Crystalline cohomology over general bases

TL;DR

This paper extends crystalline cohomology to general bases using divided power rings, establishing a comparison between crystalline cohomology and a pd-adically completed de Rham complex, generalizing previous results.

Contribution

It develops a crystalline cohomology formalism over divided power rings for any ring A, and proves a comparison theorem linking crystalline cohomology to pd-adic de Rham complexes.

Findings

Established an isomorphism between crystalline cohomology and pd-adic de Rham complex.

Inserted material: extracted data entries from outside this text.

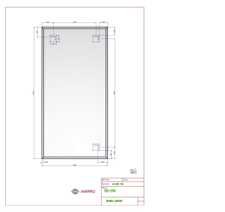 Rozměry: 80 a 160 cm. Zrcadla lemovaná efektní fazetou o šířce 20 mm. Síla zrcadla je 4 mm a je vybaveno 3 ks závěsy pro vodorovné (např. nad dvojumyvadlo) i svislé zavěšení (na chodbu, do šatny).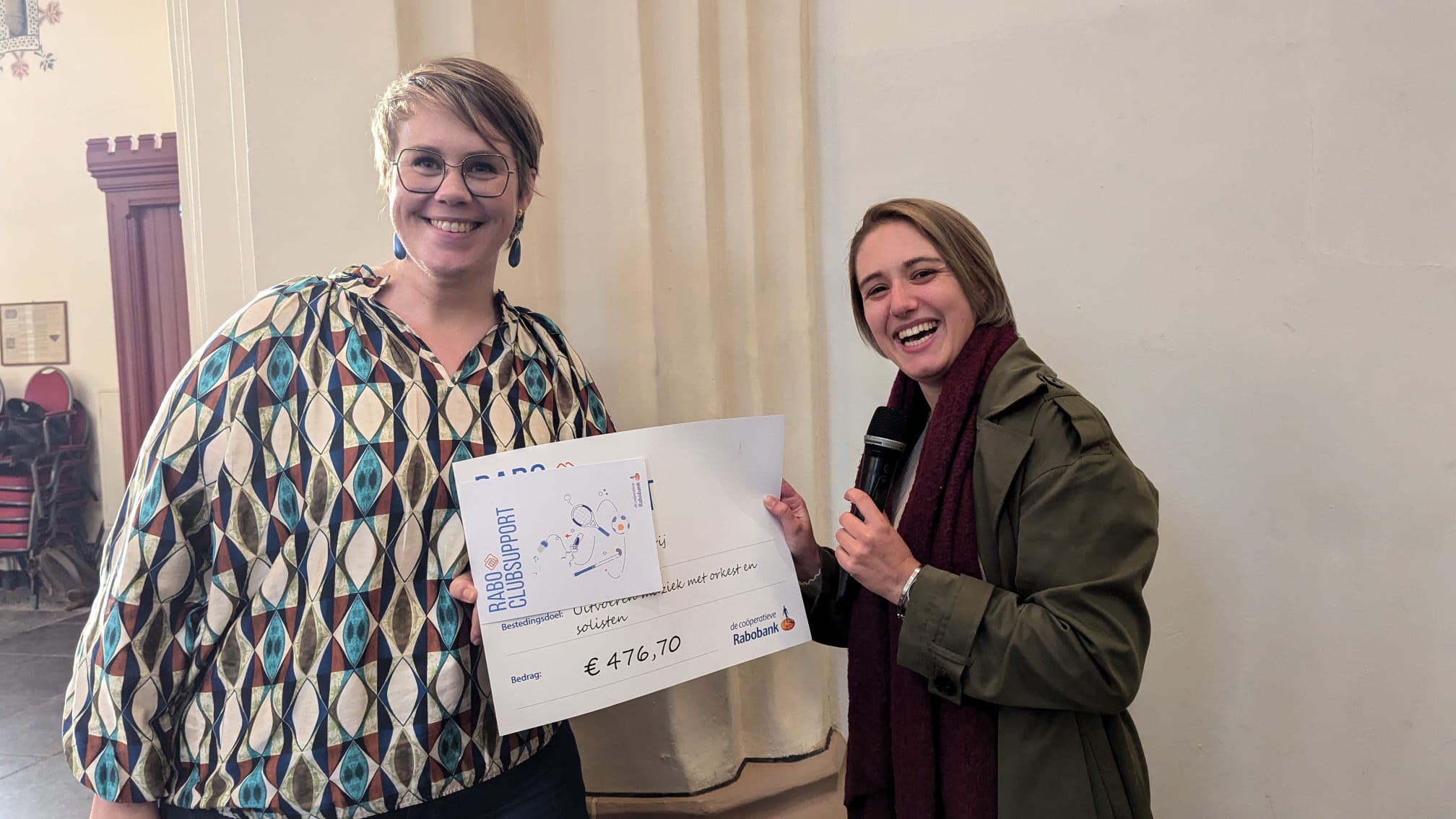 De dag begon goed voor de Andreascantorij. Nog voor de eerste noten klonken, kon een bestuurslid van de Rabo ledenraad een cheque van ruim 450 euro overhandigen aan Suzan Rouwenhorst die namens het bestuur van het koor het bedrag in ontvangst nam.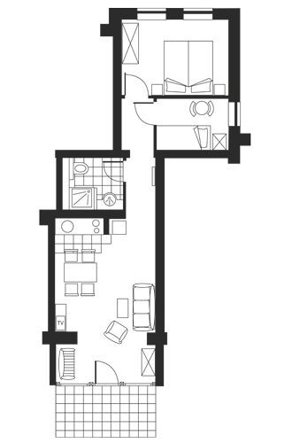 Die Wohnung bietet auf 45 qm genügend Platz für vier Personen und verfügt über ein Schlafzimmer mit Doppelbett und ein kleines Kinderzimmer mit Etagenbett. Neben dem geschmackvoll eingerichteten Wohnzimmer (ausgestattet mit einem Flatscreen-TV, DVD-Player und einer Musikanlage) bietet die Terrasse mit Terassenmöbeln Raum, die Seele baumeln zu lassen und vom Alltag abzuschalten.

Provided a che9-Alexander type construction for complexes in the derived category.

Generalized Hartshorne's result to broader base rings.

Abstract

Building on ideas of Berthelot, we develop a crystalline cohomology formalism over divided power rings $(A, I_0, \eta)$ for any ring $A$, allowing $\mathbf{Z}$-flat $A$. For a smooth $A$-scheme $Y$ and a closed subscheme $X$ of $Y$ for which $\eta$ extends to $I_0 \mathscr{O}_X$, a (quasi-coherent) crystal $\mathscr{F}$ on $(X/A)_{\rm{cris}}$ is equivalent to a specific type of module with integrable $A$-linear connection over a certain completion $D_{Y,\eta}(X)^{\wedge}$ (called "pd-adic") of the divided power envelope $D_{Y,\eta}(X)$ of $Y$ along $X$ (with divided power structure $\delta$) Our main result, building on ideas of Bhatt and de Jong for $\mathbf{Z}/(p^e)$-schemes (where pd-adic completion has no effect), is a natural isomorphism between ${\rm{R}}\Gamma((X/A)_{\rm{cris}}, \mathscr{F})$ and the Zariski hypercohomology of the pd-adically completed de Rham complex $\mathscr{F} \widehat{\otimes} \widehat{\Omega}^*_{D_{Y,\eta}(X)^{\wedge}/A,\delta}$ arising from the module with integrable connection over $D_{Y,\eta}(X)^{\wedge}$ associated to $\mathscr{F}$. By a variant of the same methods, we obtain a representative of the complex $\mathscr{F} \widehat{\otimes} \widehat{\Omega}^*_{D_{Y,\eta}(X)^{\wedge}/A,\delta}$ in the derived category of sheaves of $A$-modules on $X$ in terms of a \v{C}ech-Alexander construction. When $\mathscr{F}=\mathscr{O}_{X/A}$, our comparison theorem implies that in the derived category of sheaves of $A$-modules on $X$, the pd-adic completion of $\Omega^*_{D_{Y,\eta}(X)/A,\delta}$ functorially depends only on $X$. Over $\mathbf{Q}$-algebras $A$, so pd-adic completion becomes ideal-adic completion, this recovers a result of Hartshorne.